DSB300 Data Science Capstone Project
To view more information for this unit, select Unit Outline from the list below. Please note the teaching period for which the Unit Outline is relevant.
| Unit code: | DSB300 |
|---|---|
| Prerequisite(s): | (DSB200 and 192cps of study) or (MXB344 or CAB420) |
| Credit points: | 12 |
| Timetable | Details in HiQ, if available |
| Availabilities |
|
| CSP student contribution | $1,192 |
| Domestic tuition unit fee | $4,704 |
| International unit fee | $5,640 |
Unit Outline: Semester 2 2026, Gardens Point, Internal
| Unit code: | DSB300 |
|---|---|
| Credit points: | 12 |
| Pre-requisite: | (DSB200 and 192cps of study) or (MXB344 or CAB420) |
| Coordinator: | Paul Wu | p.wu@qut.edu.au |
Overview
The project addresses a research question or a practical problem through the application of Data Science theories, tools and techniques. It allows you to apply the knowledge of the research skills and practices used to undertake specific Data Science activities.

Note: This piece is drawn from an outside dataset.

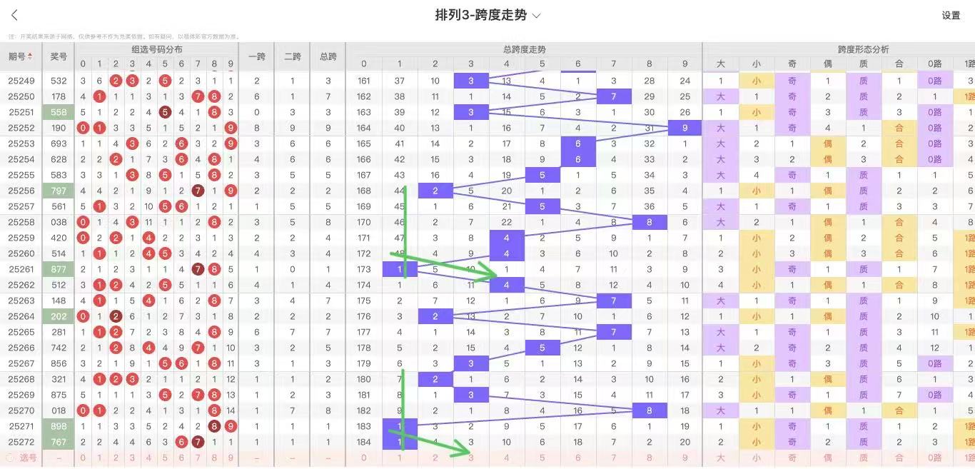 根据走势对跨度观察统计得到以下分析结果:

It provides an opportunity to individualise your studies by concentrating on a specific problem domain.
Learning Outcomes
On successful completion of this unit you will be able to:
- Integrate and apply advanced knowledge of data science theory, methods and principles to understand and address industry-relevant issues and problems.
- Demonstrate and apply advanced problem solving, analysis, design and visualisation skills to a Data Science industry project to achieve stakeholder goals.
- Collaborate in a team to professionally and ethically project manage and conduct a data science industry-based project using industry standard tools, techniques and methodologies.
- Communicate professionally with a client demonstrating advanced skills in written, oral and visual presentation of technical content to specialist audiences.
- Critically reflect on industry feedback, self and team performance to identify strategies for further developing professional practice skills.
Content
You must develop and carry out a data science project. The project topic is decided by agreement between your group and your QUT supervisor. Projects relevant to your current or intended employment are encouraged.
Learning Approaches
This unit utilises a blended learning methodology, including online and face-to-face components. The two cornerstones of work integrated learning (WIL) at QUT, i.e., industry engagement and assessed authentic tasks are present in this unit.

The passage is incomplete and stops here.